18. The positive electrode slurry according to any one of claims 16-17, wherein, At least one of the following conditions must be met: (1) The mass ratio of the positive electrode material, the conductive agent, and the binder is 0.8–0.9: 0.03–0.2: 0.03–0.2; (2) The conductive agent includes at least one of Super P, graphene, carbon dots, CNT and Ketjen Black; (3) The adhesive includes at least one of difluoroethylene, polyvinylidene fluoride and tetrafluoroethylene-hexafluoropropylene copolymer; (4) The solid content of the positive electrode slurry is 50% to 60%.
19. A conductive coating, wherein the components of the conductive coating include the positive electrode active material, conductive agent and binder as described in any one of claims 1 to 11; or, the conductive coating is prepared using the positive electrode slurry as described in any one of claims 16 to 18.
20. A positive electrode sheet, comprising a positive current collector and a positive active layer, wherein the positive active layer is disposed on at least one side of the positive current collector, and the positive active layer comprises the positive active material as described in any one of claims 1 to 11; or the positive active layer is made using the positive slurry as described in any one of claims 16 to 18.

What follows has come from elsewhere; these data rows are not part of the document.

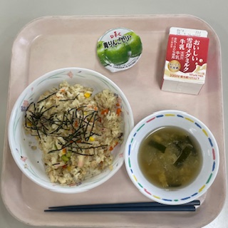 ちらし寿司、ビーフン入りニラ玉汁、青リンゴゼリー、牛乳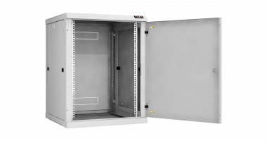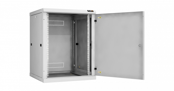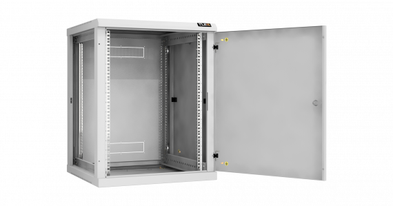 Настенный разборный шкаф TLK 19", 15U, металлическая дверь, Ш600хВ770хГ600мм, 2 пары монтажных направляющих, серый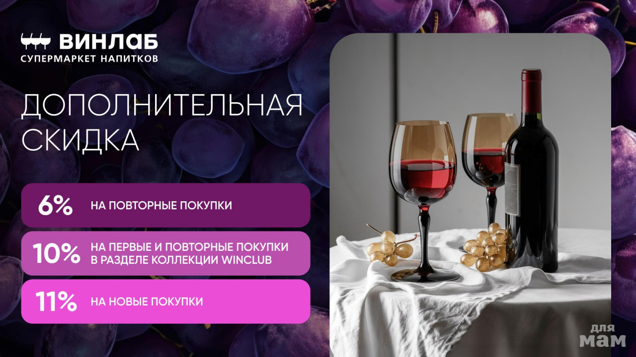 Если вы уже покупали товары в ВинЛаб, воспользуйтесь промокодом 6GB4433, чтобы получить дополнительную скидку 6% на повторные заказы.
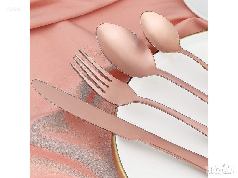 НОВИ! Комплект прибори за хранене 16 части МАТ розово злато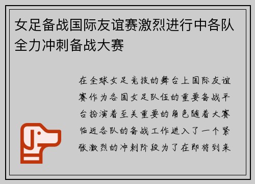 在全球女足竞技的舞台上,国际友谊赛作为各...
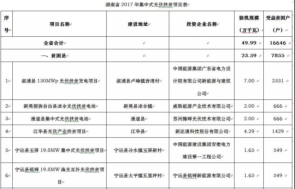 中國儲能網(wǎng)訊:根據(jù)《國家能源局關于可再生能源發(fā)展“十三五”規(guī)劃實施的指導意見》(國能發(fā)新能[2017]31號)和《國家能源局、國務院扶貧辦關于“十三五”光伏扶貧計劃編制有關事項的通知》(國能發(fā)新能[2017]39號)精神,省發(fā)改委、省扶貧辦、省財政廳聯(lián)合下發(fā)了《關于開展2017年集中式光伏扶貧項目申報工作的通知》(湘發(fā)改能源〔2017〕1133號),組織市州按照申報條件和篩選原則優(yōu)選投資企業(yè)和項目上報。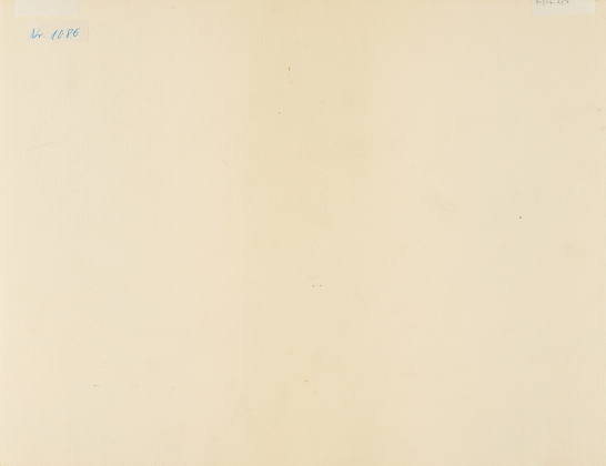 Mittig schwache vertikale Knickspur, nur von hinten sichtbar. Kanten mit oberflächlichen Papierverletzungen, teils unter Farbverlust. Seitliche Ränder wölben sich hoch. Verso oben Montierungsreste. Ansonsten guter Zustand.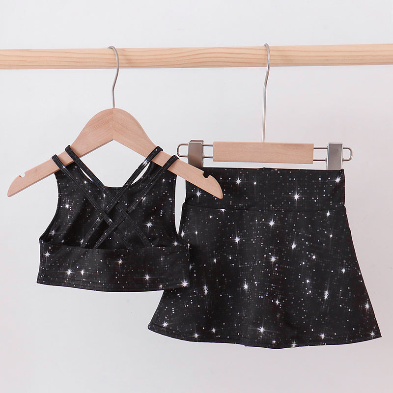 Turn up the sparkle with the Joelle Black Glitter Skort Set, a sleek and stylish two-piece outfit made for girls who love to shine. This set includes a shimmering black glitter crop top paired with a coordinating skort that offers the look of a skirt with the comfort and coverage of built-in shorts.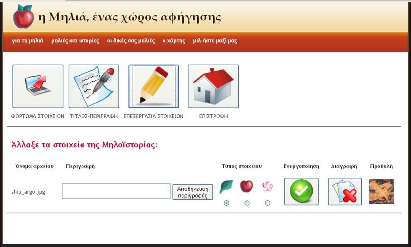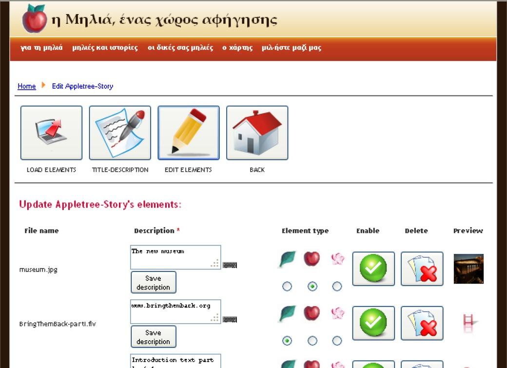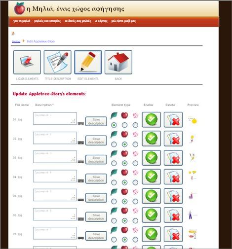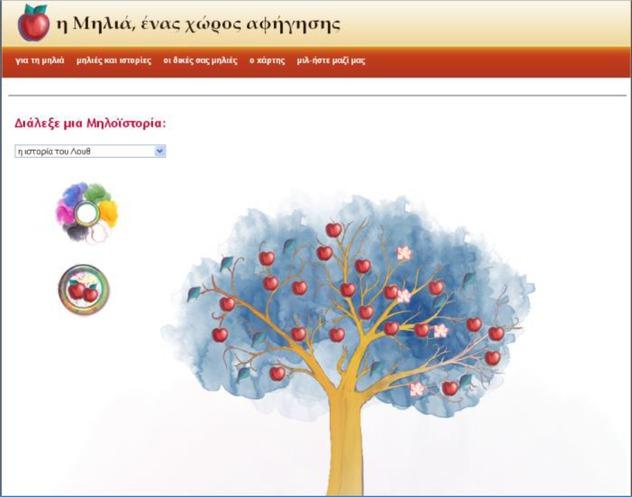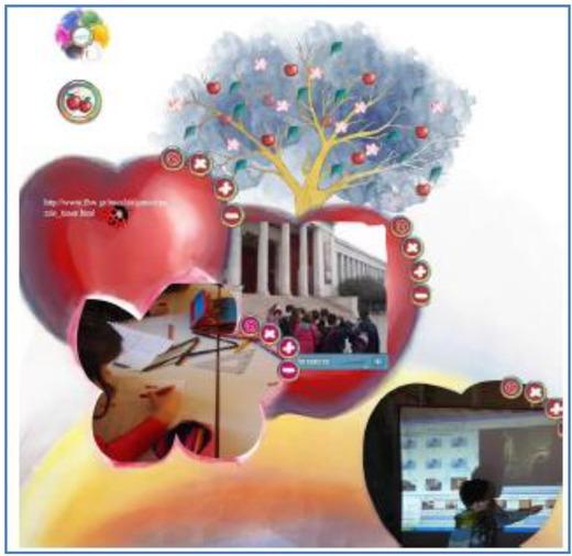 Figure 1 presents a representative welcome screen from the Milia online platform. Every apple tree holds a story, and the tree elements represent the story’s structure and contents. Figure 2 presents a representative snapshot of Milia tree elements, storing images and other multimedia content. All these elements can be uploaded and edited online through a graphical interface that allows users of the platform to operate as story creators. A sample screen from the Milia GUI is presented in Figure 3.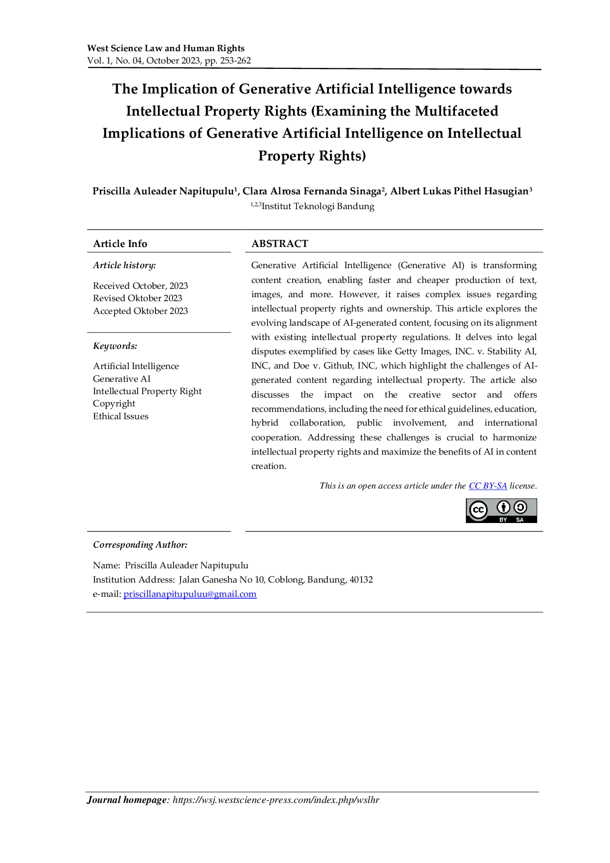 West Science Law and Human RightsWest Science Law and Human RightsKecerdasan Buatan Generatif (Kecerdasan Buatan Generatif) sedang mengubah penciptaan konten, memungkinkan produksi teks, gambar, dan lainnya yang lebih cepat dan murah. Namun, hal ini menimbulkan masalah kompleks terkait hak kekayaan intelektual dan kepemilikan. Artikel ini menyelidiki lanskap yang berkembang dari konten yang dihasilkan AI, dengan fokus pada kesesuaiannya dengan regulasi kekayaan intelektual yang ada. Artikel ini membahas sengketa hukum yang ditunjukkan oleh kasus seperti Getty Images, INC. v. Stability AI, INC, dan Doe v. Github, INC, yang menyoroti tantangan konten yang dihasilkan AI terkait kekayaan intelektual. Artikel ini juga membahas dampak terhadap sektor kreatif dan menawarkan rekomendasi, termasuk kebutuhan pedoman etika, pendidikan, kolaborasi hibrida, keterlibatan publik, dan kerjasama internasional. Menangani tantangan ini penting untuk menyelaraskan hak kekayaan intelektual dan memaksimalkan manfaat AI dalam penciptaan konten.

21. The positive electrode sheet of claim 20, wherein At least one of the following conditions must be met: (1) The thickness of the positive electrode sheet is 0.2 mm to 0.3 mm; (2) the compacted density of the positive electrode plate is 1.5 g / cm 3 ~ 3.0 g / cm 3 .
22. A sodium-ion battery, comprising a positive electrode as described in any one of claims 20 to 21.
23. An electrical device comprising a sodium-ion battery as described in claim 22.